What are the specifics about fed cattle insurance?

Within the Livestock Risk Protection (LRP) insurance program, fed cattle are not separated by gender. Fed cattle typically range from 1,000 to 1,600 pounds on average, with the marketing month for slaughter varying based on operational needs, demand, and other market conditions. Fed cattle specific coverage endorsements (SCE) for LRP insurance may be purchased with an annual limit of 25,000 head for an individual producer per year, with a maximum per SCE of 12,000 head (Risk Management Agency [RMA], 2022). While that is the maximum per contract, producers can purchase LRP insurance contracts for as little as one head. Find general information about how the LRP insurance program works in the companion Utah State University Extension fact sheet titled “Livestock Risk Protection Insurance FAQ.”

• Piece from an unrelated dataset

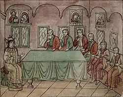"И велел государь боярину Ивану Никитичю и тысячкому князь Ивану Борисовичю и друшкам и бояром сести в Большой лавке, а поезжаном в другой"

What are the “optimal” coverage contracts?

LRP contracts that return an indemnity to a producer greater than the subsidized premium cost could be defined as having a positive net return. Those combinations of coverage length and level that have historically provided the highest probability of a positive net return while also providing the highest average net return could be defined as “optimal” contracts (Haviland & Feuz, 2022). Table 1 summarizes these optimal contracts for each marketing month (the month in which a producer intends to market livestock). LRP coverage lengths of 13, 17, 21, 26, and 30 weeks are shown, with coverage levels of 85%–100% split into 5 groups: • • • • •

1 = (85.00% - 89.99%). 2 = (90.00% - 92.49%). 3 = (92.50% - 94.99%). 4 = (95.00% - 97.49%). 5 = (97.50% - 100.00%).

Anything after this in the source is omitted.